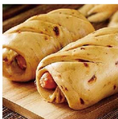
子長 桂圓香腸饅頭 (低糖/葷)
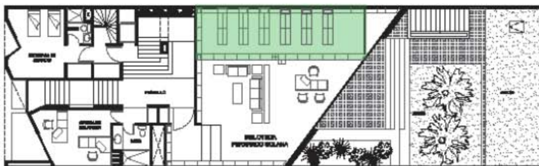
Clasificación planta sotano
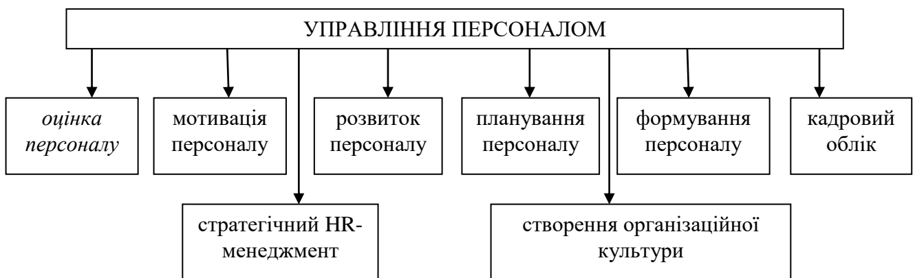
Рисунок 1.2 – Місце оцінки персоналу в системі управління персоналом підприємств [32]

Зазначене пов'язано з тим фактом, що оцінка ефективності діяльності персоналу являє собою інструмент аналізу кількісних та якісних характеристик персоналу потенціалу підприємства, його сильних і слабких сторін, а також засіб підвищення індивідуальних трудових здібностей працівника й зростання його кваліфікаційного рівня.
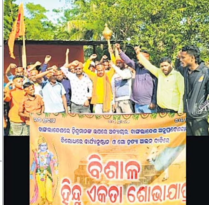
ହିନ୍ଦୁ ଏକତା ମଞ୍ଚର ସଦସ୍ୟମାନେ ଶୋଭାଯାତ୍ରାରେ ସହର ପରିକ୍ରମା କରୁଛନ୍ତି।
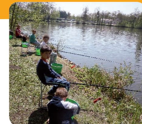
Le cours pratique

Mardi 21 avril une journée initiation à la pêche a été organisée par l'accueil de loisirs de Ballancourt à l'étang des hirondelles. Les enfants ont été encadrés par les animateurs de la « Fédération Départementale pêche 91 ».
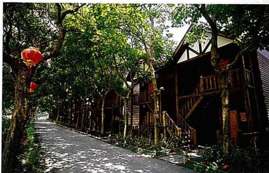
湖畔林木掩映的渡假木屋。
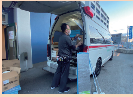
移動前に支援物品を当院の救急車に積み込みました。
§
▶ **Directions**:
Leave out the pictures, and please output only the lines from the line that contains "Mardi 21 avril" through the end of the data, both ends included.

▶ **Task result**:
Mardi 21 avril une journée initiation à la pêche a été organisée par l'accueil de loisirs de Ballancourt à l'étang des hirondelles. Les enfants ont été encadrés par les animateurs de la « Fédération Départementale pêche 91 ».
湖畔林木掩映的渡假木屋。
移動前に支援物品を当院の救急車に積み込みました。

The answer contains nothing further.